Book Review: The Scribe

Set in 799 Wurzburg, a time when the country was plagued by famine, most people went uneducated and parchment was laboriously made by hand. Her father Gorgias, an educated man and a parchment maker carefully schooled Theresa and her abilities to read, write and make parchment gained her a post with the church. Working for a blighted character of a man while suffering gossip and harassment from other church employees, Theresa managed to hold her own until an accident forced to flee for her life. Living off the land while evading capture, Theresa saves a young soldier as she makes her way to the Monastery in Fulda where she became Alcuin’s scribe. Alcuin of York was both a monk and a practiced herbalist with considerable deductive abilities reminiscent of Brother Cadfael from a television series by the same name. Theresa soon discovers a link between a terrible illness and the rampant corruption that is a part of Charlemagne’s rule but such knowledge is extremely dangerous.

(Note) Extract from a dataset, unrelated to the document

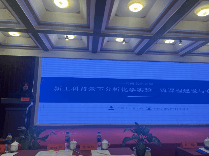 与会专家就如何编写既符合时代需求又具前瞻性的农林特色教材进行了深入研讨,强调了教材内容的实用性与创新性,提出了构建新形态数字化教材体系的策略;在大会汇报环节,袁文娟老师以“新工科背景下分析化学实验一流课程建设与实践”为题进行了交流汇报。分析化学实验课程作为化学类专业教学体系中必要组成部分,是体现专业特色和优势的重要抓手,结合新工科改革,优化课程内容、创新教学方法、实施项目式学习等,提升员工的实践能力和创新能力,构建一流的分析化学实验课程体系,为分析化学实验一流课程的建设提供了思路与借鉴。

While the setting and history have an authentic feel, Theresa’s education and worldview are much more contemporary in nature and seem out of place for the time period when such things as women’s rights were an alien concept. That said, her character is laudable and consistent throughout the book. There are two basic storylines winding through the book and at times, these tend to drag the pace, especially when Garrido goes on at length about historical points. Still, Garrido has clearly done a great deal of research and incorporated a real monk and a mysterious document into this compelling historical fiction.